United States Air Force general

General Alton Davis Slay, Sr. (November 11, 1924 – November 16, 2015) was a four star United States Air Force general and former commander, Air Force Systems Command, Andrews Air Force Base, Maryland.

Slay was a native of Crystal Springs, Mississippi. He was a command pilot with more than 8,000 flying hours, principally in single-engine and jet fighter aircraft, accumulated since his graduation from flying school at Craig Field, Alabama, in 1944. He flew 181 combat missions over Southeast Asia in jet fighters. He was a graduate of the Navy Parachutist School and wore the Senior Air Force Parachutist Badge and the Senior Missileman Badge.

Slay was a 1965 graduate of George Washington University at Washington, D.C., with a degree in mathematics; he attended the six-week Harvard Business School Advanced Management Program; and the Canadian National Defence College.
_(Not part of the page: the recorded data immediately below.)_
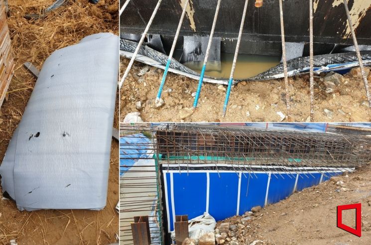 경기 LH 아파트 건설 현장. (맨왼쪽)지하주차장 외벽 방수에 쓰일 시트 자재가 찢기고 구겨진 채 방치돼 있다. (오른쪽 상단)외벽 방수 시공 후 끝단 마감이 누락돼 시트가 들뜨고, 내부에 빗물이 고인 모습. 비가 내리자 외벽을 타고 스며든 물이 시트 안쪽에 고여 방수층 전체가 손상됐다. (오른쪽 하단)LH 품질명장이 해당 부위를 확인한 뒤 전체적으로 다시 걷어내고 보수해야 한다고 지적해 재시공한 구간으로, 손상된 구간을 걷어내고 끝단을 스테인리스 판으로 고정한 뒤 새 시트를 부착한 모습. 파란색 보호판을 덧대 흙을 되메움할 때 방수층이 다시 손상되지 않도록 마감했다.철판 3.2㎜라더니 2.8㎜…LH 품질명장이 잡아낸 현장 '꼼수'
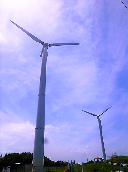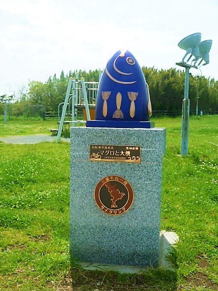 東海岸ドライブコース(三浦海岸→三崎港)を走っていると二枚の風力発電装置が見えてきました。近づくと公園;宮川公園 でした…専用駐車場も。風力発電装置は風が無風で動いてないでした(珍しい?)。 また、三浦市の特産品`マグロと大根`碑もあり観光客向け?でしたが、遊具/東屋/展望台もあって居住民の広い公園でした;やはりですね!。
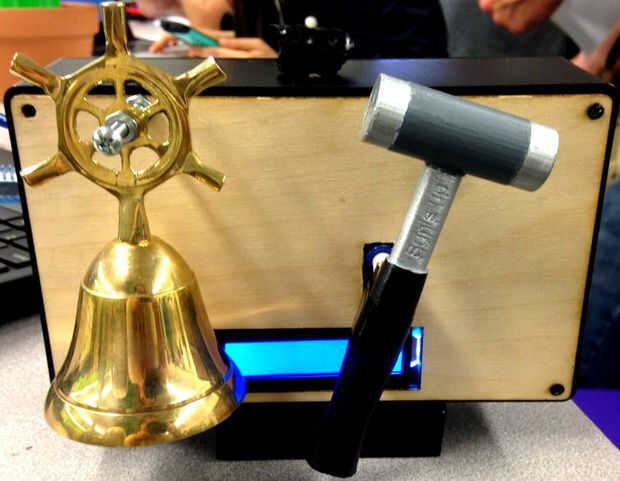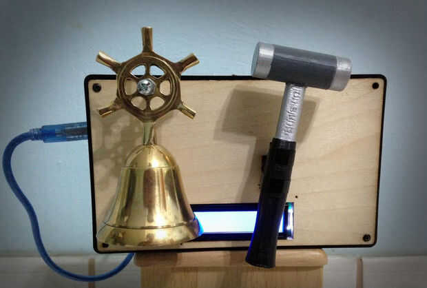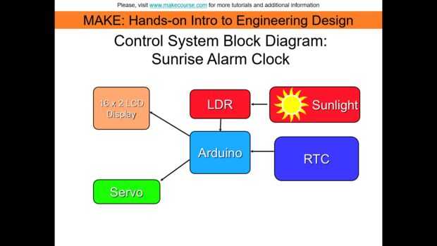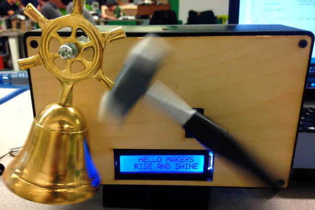 Este reloj de alarma está diseñado para que pueda levantarse con el sol. Cuando la luz de afuera se detecta por la fotorresistencia, entonces activa un servo con un martillo unido a él. El martillo se giro de 60 grados y golpear la campana dos veces para despertarlo.
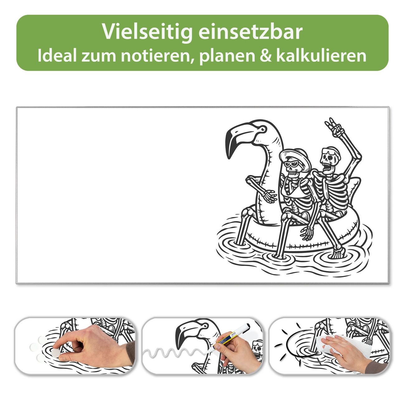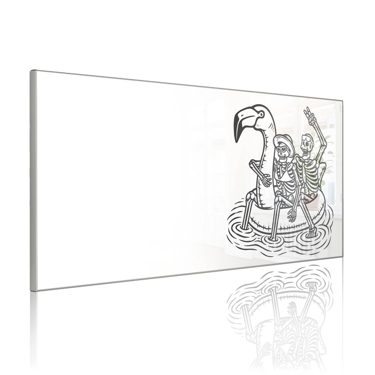 Metall Magnettafel beschreibbar 78x37cm Motiv Skelette mit Flamingoschwimmring 2
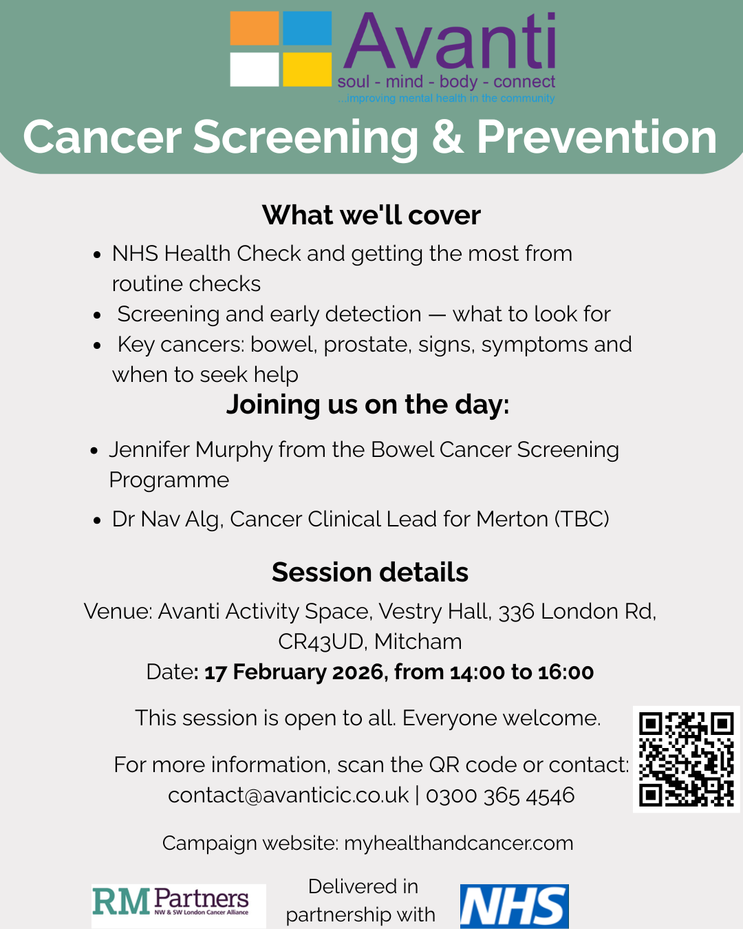 Friday 6 February, 10:30–13:30 at Vestry Hall, London Road, CR4 3UD.

His assignments included deputy chief of staff, research and development, Headquarters U.S. Air Force, Washington, D.C., vice commander of the Air Training Command, San Antonio, Texas; commander of the Lowry Technical Training Command, Denver; deputy chief of staff, operations, Seventh Air Force, in Southeast Asia; director of operations, Military Assistance Command, Vietnam; deputy chief of staff, operations, Air Force Systems Command; commander of the Air Force Flight Test Center, Edwards Air Force Base, California; and assistant deputy chief of staff, plans and operations, U.S. Air Forces in Europe. He assumed command of Systems Command in March 1978, and was promoted to four star rank on April 1, 1978. Slay retired from the Air Force on January 31, 1981.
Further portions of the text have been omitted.